BabelPad Help : Caesar Cipher




Example of the Caesar cipher in BabelPad


Caesar Cipher

With BabelPad you can apply a Caesar cipher to any selected text in the BabelPad edit window. The cipher is a simple substitution cipher that shifts each letter character in the selected text by a specific shift value. For example, with a shift value of -3 the letter "M" is converted to "J", and with a shift value of +3 the letter "M" is converted to "P".
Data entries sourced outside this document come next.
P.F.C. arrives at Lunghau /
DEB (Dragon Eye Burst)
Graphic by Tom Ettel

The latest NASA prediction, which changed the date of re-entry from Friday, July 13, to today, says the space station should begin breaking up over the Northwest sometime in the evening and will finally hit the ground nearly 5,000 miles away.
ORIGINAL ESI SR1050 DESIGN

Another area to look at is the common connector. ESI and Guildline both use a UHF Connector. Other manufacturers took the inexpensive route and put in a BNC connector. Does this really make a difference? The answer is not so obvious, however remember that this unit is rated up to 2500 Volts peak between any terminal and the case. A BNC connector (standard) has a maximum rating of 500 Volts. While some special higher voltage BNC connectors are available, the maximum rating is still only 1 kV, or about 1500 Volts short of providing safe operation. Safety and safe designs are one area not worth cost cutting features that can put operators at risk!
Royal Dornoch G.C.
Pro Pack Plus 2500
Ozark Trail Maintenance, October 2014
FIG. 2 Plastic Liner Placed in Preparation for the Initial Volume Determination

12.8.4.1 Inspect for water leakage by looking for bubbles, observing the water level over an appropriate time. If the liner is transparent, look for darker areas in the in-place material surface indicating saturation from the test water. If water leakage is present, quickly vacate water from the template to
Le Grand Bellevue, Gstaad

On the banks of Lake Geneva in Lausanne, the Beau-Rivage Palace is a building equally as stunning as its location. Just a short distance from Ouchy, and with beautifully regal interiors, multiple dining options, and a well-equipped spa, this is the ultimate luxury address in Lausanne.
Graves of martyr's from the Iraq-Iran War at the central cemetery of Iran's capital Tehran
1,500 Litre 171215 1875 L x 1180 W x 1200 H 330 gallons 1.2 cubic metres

In BabelPad the Caesar cipher applies to all 125,000+ Unicode characters with a general category of "letter" (Ll, Lm, Lo, Lt, Lu), but other characters such as punctuation marks, diacritical marks, symbols, digits, private use characters, and reserved code points are left unaffected by the cipher. The cipher wraps on a Unicode block, so, for example, if you apply a +1 shift the last letter in a given Unicode block will be converted to the first letter of the same block (e.g. U+169A OGHAM LETTER PEITH will become U+1681 OGHAM LETTER BEITH). However, for Basic Latin the cipher wraps uppercase and lowercase letters separately on the ranges A..Z and a..z, so for example "Henry" shifted +3 will become "Khqub".
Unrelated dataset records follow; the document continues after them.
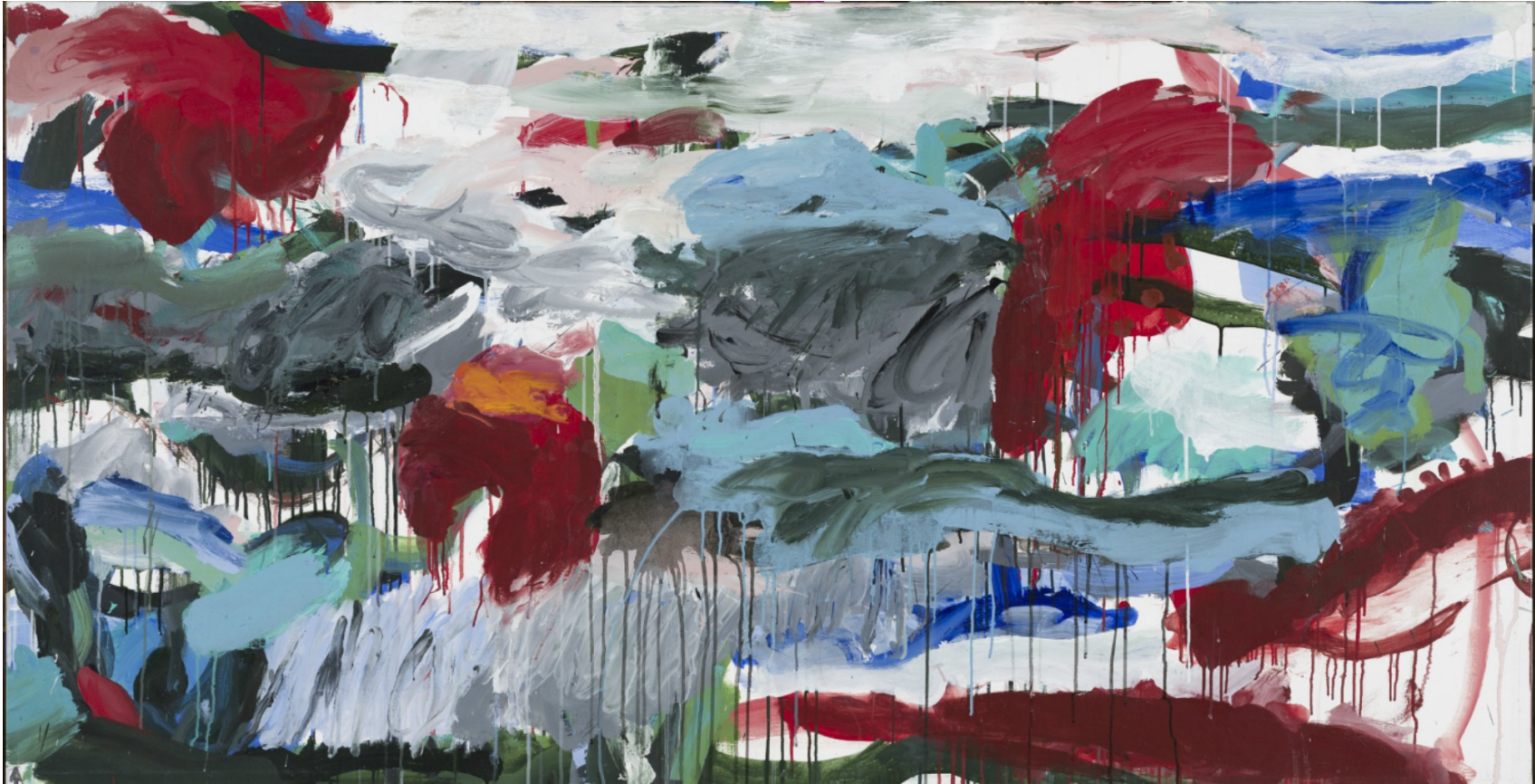
Treble, Reims 2014 Acrylic on linen 104 x 202cm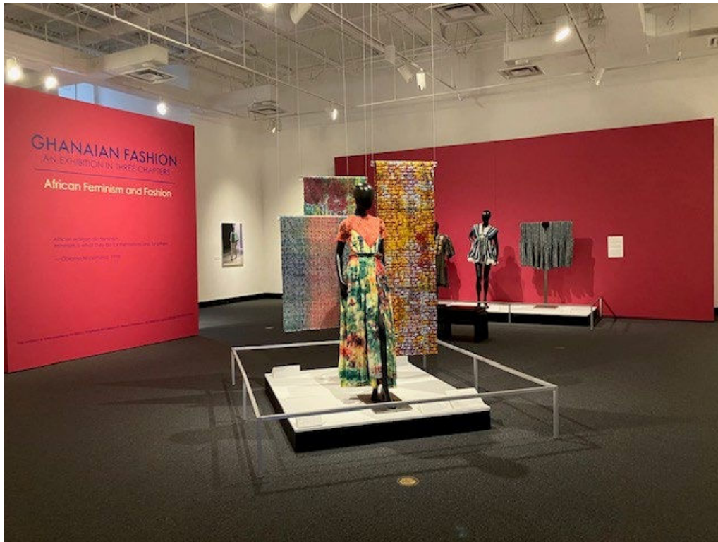
African Art Gallery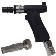
WYS-228 Sanitizer Pro Conversion Kit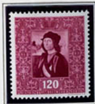
Portrait of a man (Raphael)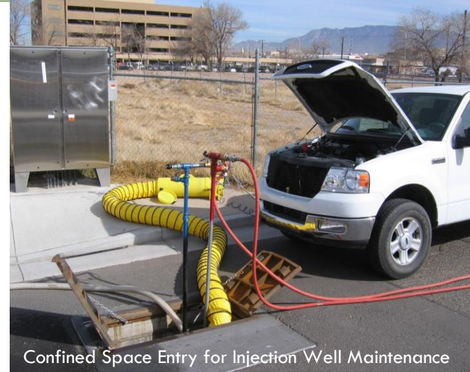
Confined Space Entry for Injection Well Maintenance

Orphan TCE plume in downtown Albuquerque. Pump and treat reduced contamination in groundwater enough to transition the remedy to Monitored Natural Attenuation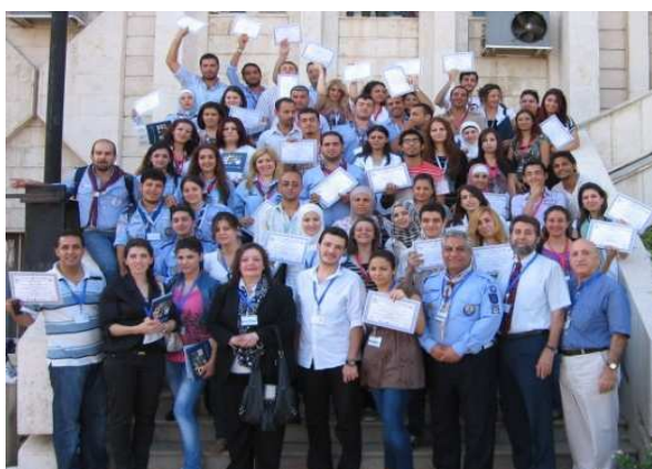
Shot from the certificates distribution.

"Youth X Change in the Mediterranean" led by MIO-ECSDE and co-funded by ALF, aims to adapt the global initiative to the Mediterranean realities. During the event, participants were trained on how to use the newly published guide in the Arabic language which includes case studies from the region appealing to young people and can be used by educators, youth leaders, and civil society activists who wish to inspire a new consumption ethic to their target audiences. All events in Syria were co-organized by MIO-ECSDE and SCSEP Lattakia, while the whole project is co-funded by the ALF Euro Mediterranean Foundation .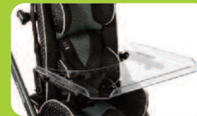
Upper Extremity Support Tray Angle/depth adjustable hardware included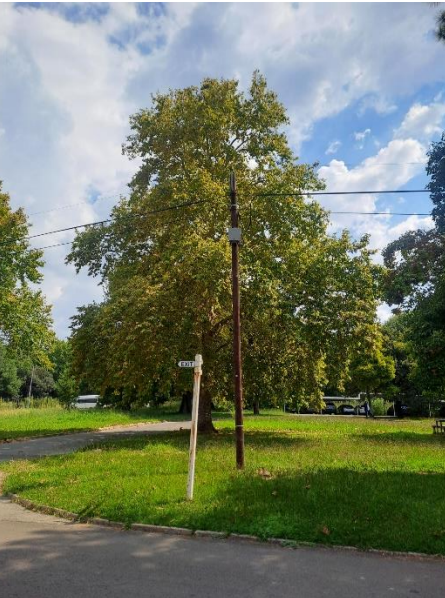
Image 24 Crown lifting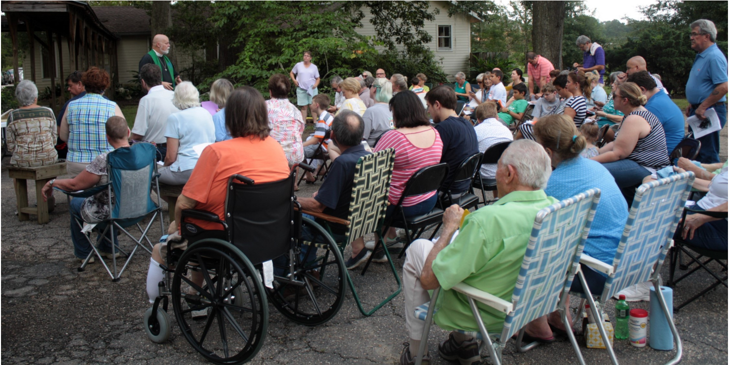
St. Francis, Denham Springs, gathered for Holy Eucharist on the Sunday after the flood in the church parking lot. The congregation is now meeting at the local United Methodist Church while their own church is being rebuilt.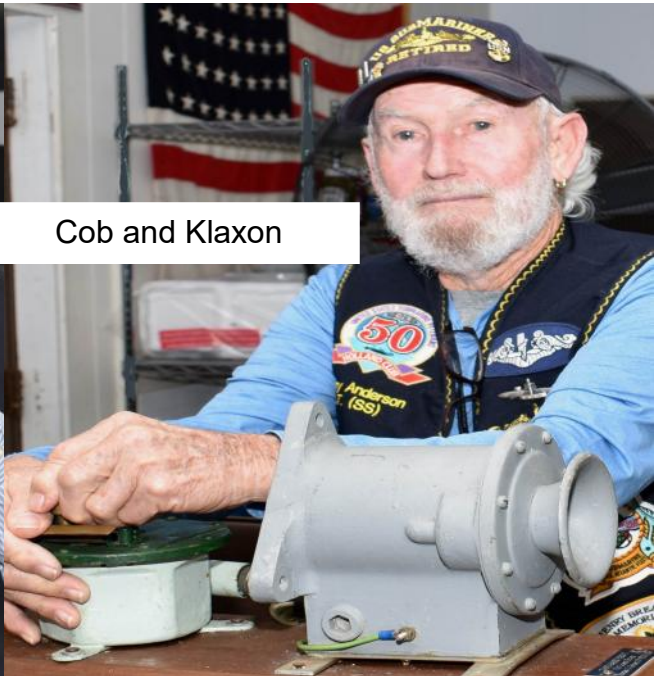
Cob and Klaxon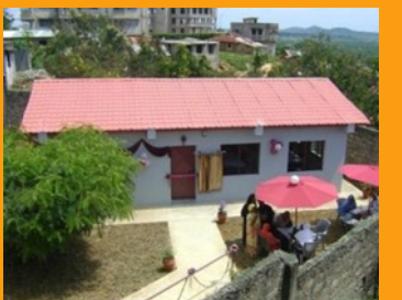
Bomu Mikindani Sewing Center

BabelPad allows you apply or reverse a user-specified shift value, which you can configure from the Caesar Cipher Configuration dialog box. You may open this dialog either by selecting "Set Cipher Shift Value..." from the Caesar Cipher submenu of the Convert menu, or by clicking on the rightmost button of the Cipher toolbar.


Caesar Cipher Configuration dialog box


This dialog box has two settings:

You can apply a Caesar cipher to selected text using the Caesar Cipher submenu of the Convert menu, the buttons on the Cipher toolbox, or shortcut keys.